Вскрикнуть не было сил.
Человек протянул к ней руку. Рука была покрыта густыми волосами.
«В жизни надо иметь волосатую лапу… Кто это говорил?»
Дотронулся до ее головы. Мая вжалась в кровать.
— Да не бойтесь, девочка, не бойтесь, пожалуйста. Что с вами стряслось?
«Кто вы?» — хотела спросить Мая, но только шевельнула губами.
— Никак не мог успеть раньше… Попробуйте в потемках с такой горки спуститься!
— С горки?
— Ну да, с вулкана.
Он снял карабин, поставил в угол, хотел что-то сказать, но испугался, потому что Мая заплакала.
Она плакала легкими слезами, как плачут, когда горе внезапно сменяется необъятным счастьем. Но незнакомец ничего этого не понимал и растерянно бубнил:
— Да что вы, девочка!.. Где у вас вода? Я вам попить принесу.
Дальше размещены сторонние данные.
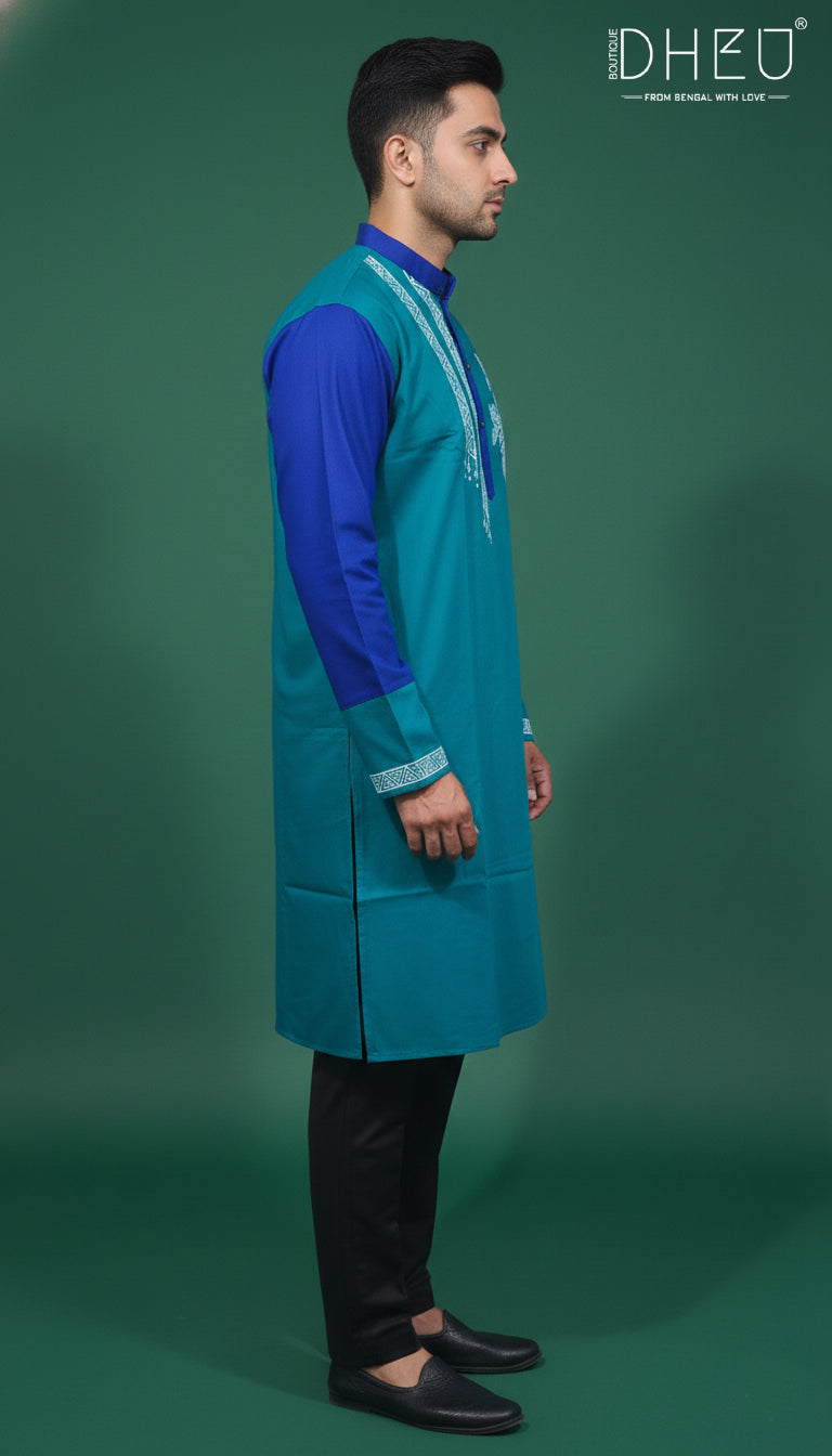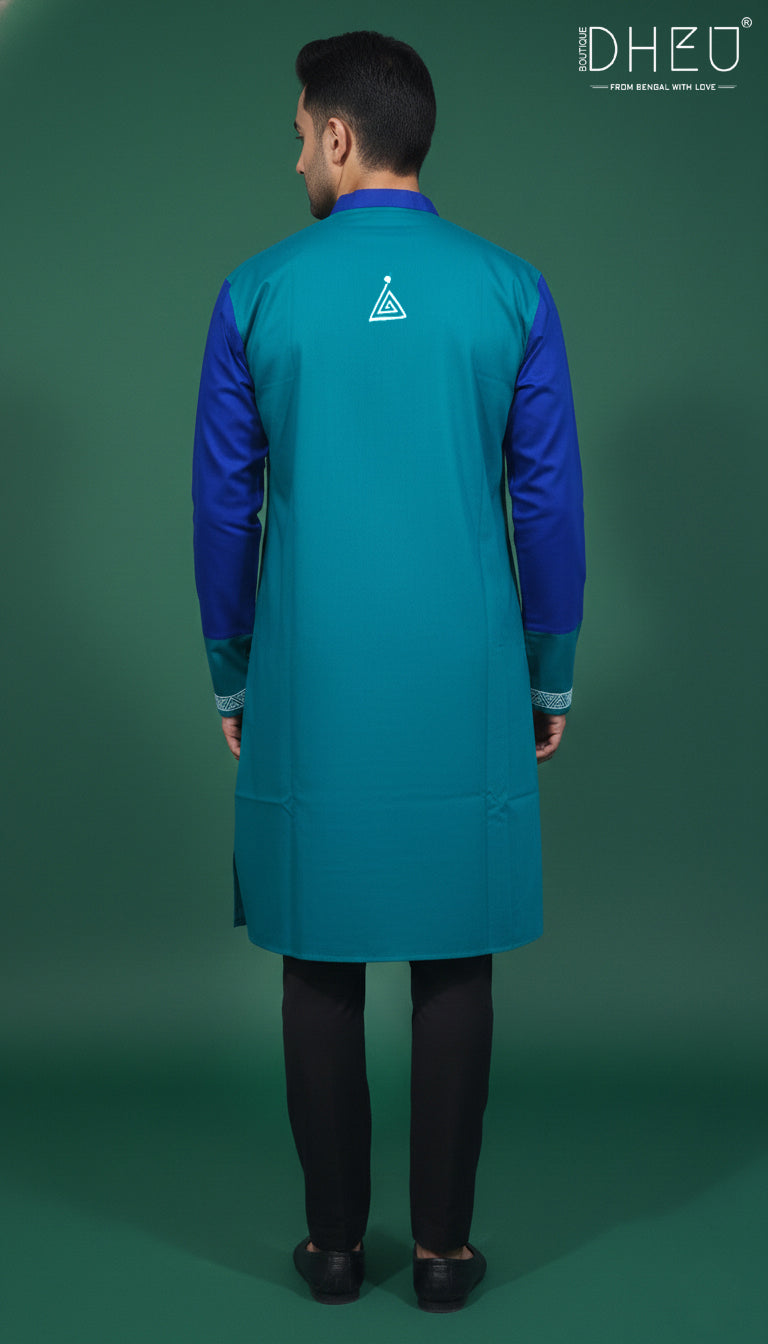 Elevate your ethnic wardrobe with this masterfully crafted Kurta from Dheu. Designed for the modern man who values cultural heritage, this piece features a sophisticated play of teal and royal blue, accented with traditional hand-inspired embroidery.
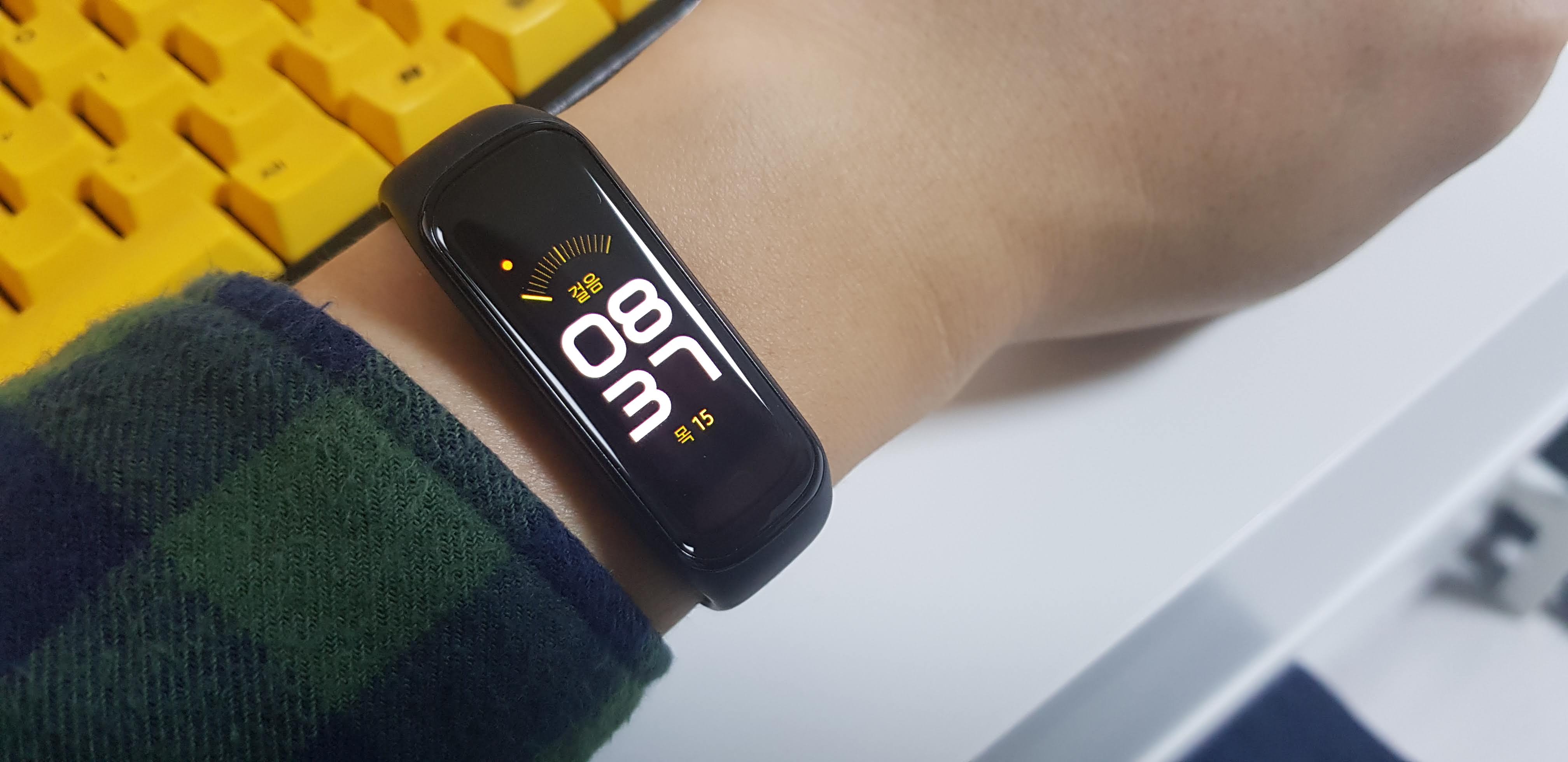손목에 착용하고 손목을 살짝 비틀어보면 화면이 활성화되는 것을 볼 수 있습니다.
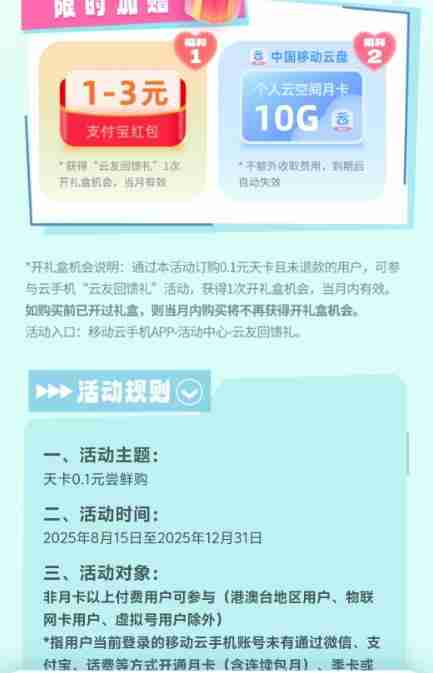 【活动规则】参加移动云手机举办的0.1元购天卡开惊喜礼盒抽最高3元支付宝红包活动,通过打开微信进去活动里,登陆后支付0.1元购买天卡就可以抽奖1次,有机会中到1-3元支付宝红包,这个活动全国三网手机号码都可以去。
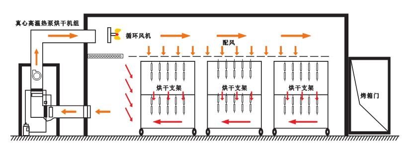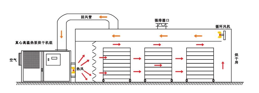 高温热泵烘干机组,主要有翅片式蒸发器(外机)、压缩机、翅片冷凝器(内机)和膨胀阀四部分组成,通过让工质不断完成蒸发(吸取室外环境中的热量)→压缩→冷凝(在室内烘干房中放出热量)→节流→再蒸发的热力循环过程,从而将外部低温环境里的热量转移到烘干房中,冷媒在压缩机的作用下在系统内循环流动。它在压缩机内完成气态的升压升温过程(温度高达100℃),它进入内机释放出高温热量加热烘干房内空气,同时自己被冷却并转化为流液态,当它运行到外机后,液态迅速吸热蒸发再次转化为气态,同时温度可下降至-20℃~-30℃,这时吸热器周边的空气就会源源不断地将热量传递给冷媒。
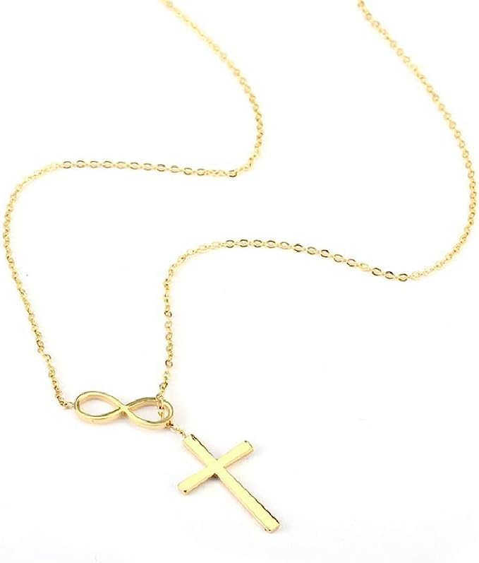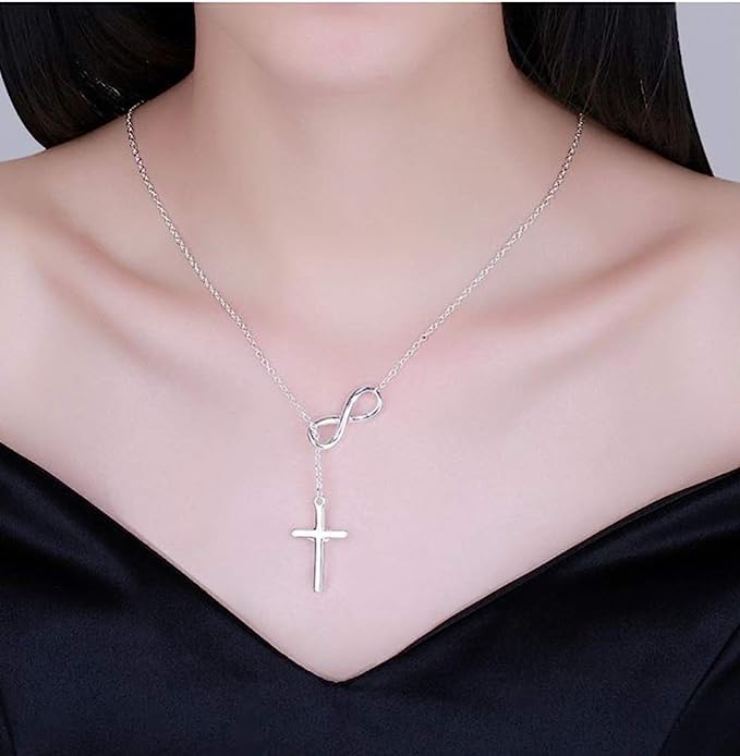 Sterling Silver Cross Infinity Necklace for Women Confirmation Gift Infinity Pendant for Girls Dangling Cross First Communion,Religious Necklace Silver, Rose Gold Plated Silver Jewelry
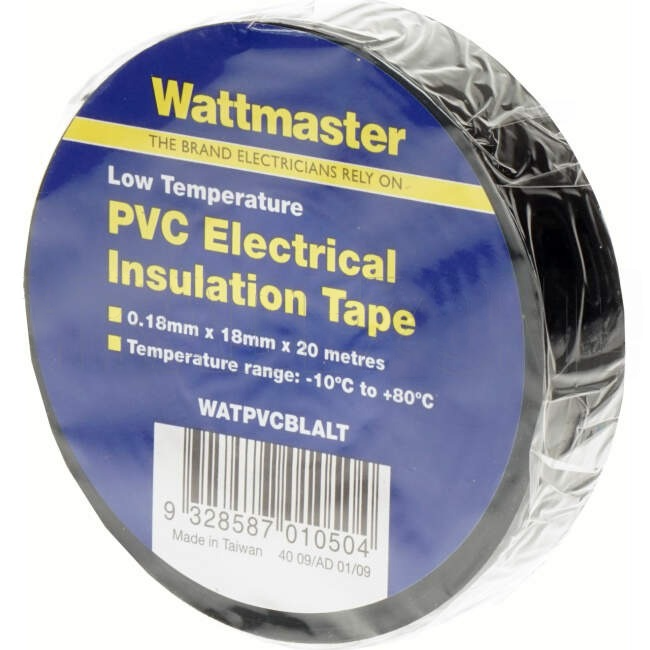 Wattmaster PVC Electrical Insulation Tape (0.8mm x 18mm x 20metres) Black Single Roll

Хотя постойте, зачем же я ее тащил? — Он сорвал с плеча сумку и начал расстегивать пряжку ремешка. — Я вам сейчас валерьянки с ландышем накапаю. Говорят, чудесная штука, а? Что это вы, девочка?
Мая хрипло переспросила:
— С вулкана?
— Элементарно. С вулкана, — поспешил подтвердить незнакомец. — Там обретаюсь. Может, будете смеяться, но мне давно уже было чертовски интересно, кто это внизу, в крайнем бараке, так поздно гасит свет… Смешно? Даже, как Сент-Экзюпери, целую теорию построил…
— Помолчите, — сказала Мая. — Вы кто? Вулканолог?
— Естественно. Там есть площадка. Нас на вертолете забросили. Сборный скворечник и все такое… Учебники? Ваши учебники? Студентка? Здорово! Да, так я говорю — целую теорию построил. Вижу внизу чей-то огонь. Звезда. Какой-то человек не спит ночами. Почему? О чем думает? Смотрел в бинокль. Ничего не видно. Звезда, и все. Смешно, правда?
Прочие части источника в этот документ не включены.